There are both advantages and limitations to this study that must be taken into consideration when interpreting the results. Cases in this study were population-based unlike several previous TMPRSS2-ERG studies [4, 5, 18, 19], there was a mean surveillance period of 11.6 years after diagnosis, and prostate cancer-specific death was confirmed by death certificate. However, due to an average 5-year relative survival rate for prostate cancer of 98%, there were few prostate cancer-specific deaths in this cohort and therefore limited power. In addition, due to the technical problems inherent to assaying TMAs using FISH , only 57% of the cases could be scored. As a consequence, while there was some evidence of an association between multiple fusions and cancer-specific survival, there were insufficient events to observe a statistically significant association.

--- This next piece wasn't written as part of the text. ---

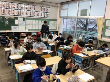 雨の朝となりましたが、元気よく登校してきました。金曜日にワックスがけを行った2、6年生教室は机や椅子を教室に戻す作業を行っていました。時間を見て朝の支度をしていました。8時半になると今週も落ち着いた雰囲気で一日がスタートできました。
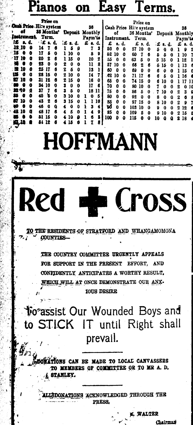 Pianos on Easy Terms. Ptieeon - Ota* Ptlee Hire system 38 • «f M Months' Deposit Monthly Ittraneit. Ttrm. Paym'te W M. d. •!£s. d, !£ a. d. £•. d. M.lO I II 7 ( 1 i« 73 15 00 17 SO 110 0 89 1710 0 SO 2 8 116 0 10 2 MtOSSOOZOO 11 8 *lO 0 25 17 8 25 0 IS 1 U5 0 0 28 15 0 210 0 14 7 IT 10 0 31 12 8 215 0 16 0 NOO 34 10 0 300 17 8 - SS4O fl 37 7 8 3 5 0 18 11 WOO 40 5 0 310 0106 91 10 0 43 2 8 315 0 1 119 49 00 4800 400134 4810 0 48 17 8 450149 WOO 51 15 0 410 0 1 8 3 ■"•*» M i 6112 5 4UOIZB Price on Cuh Price Hire system 38 of 36 Months' Deposit Monthly Instrument. Term. P&ym'ts £ s. d. £s. d. \£ s. d. £s. d. 60 0 0 57 10 0 5 0 0 19 2 62 10 0 6076 6601 10 7 5500 6350 515 01 12 1 57 10 0 68 2 6 615 0 113 6 60 0 0 69 00 6001 15 0 62 10 0 71 17 6 6 6 0 116 4 85 0 0 74 15 0 610 0 117 11 70 00 80 10 0 70020 10 75 00 86 50. 710 0236 80009200 800208 3 0 0 97 15 0 810 0 2 9 7 0 0 103 10 0 9 0 0 212 6 95 Q 0 109 6 0 910 0 215 5 100 0 0 115 0 0 10 0 Q 2 18 4 HOFFMANN fOTHgBESIDENTS<>F STEATFORD AND WfciNGAMOMONA ■/ "" COUNTIES—- ! THE COUNTRY COMMITTEE URGENTLY APPEALS FOB SUPPORT IN THE PRESENT EFFORT, AND CONFIDENTLY ANTICIPATES A WORTHY RESULT. ymcHjynji at once demonstrate our anx- ,,' IOUSDESHU3 r . ' I?o*assist Our Wounded Boys and . to STICK IT until Right shall ~( ■ prevail. I a Jwwuilbw' can be made to local canvassers L- m *" TO MEMBERS OF COMMUTES OR TO MR A. D. f ■ . £ STANLEY. AIIgPONATIONS ACKNOWLEDGED THROUGH THE : '.:_::._;.„. " -gsxss, £ WALTER "' r 1 ' Cbairauui

Lack of power is also a concern in the SNP analyses and overall replication of the study is a priority before any translational studies are initiated. One final concern is that only one tumor focus was investigated per case in this study. As noted in the Introduction, focal heterogeneity is typically observed so it is possible cases were scored as normal when they did in fact have fusion transcripts present at other foci. Key future studies need to address the issue of whether results from one focus are predictive of tumor behavior overall.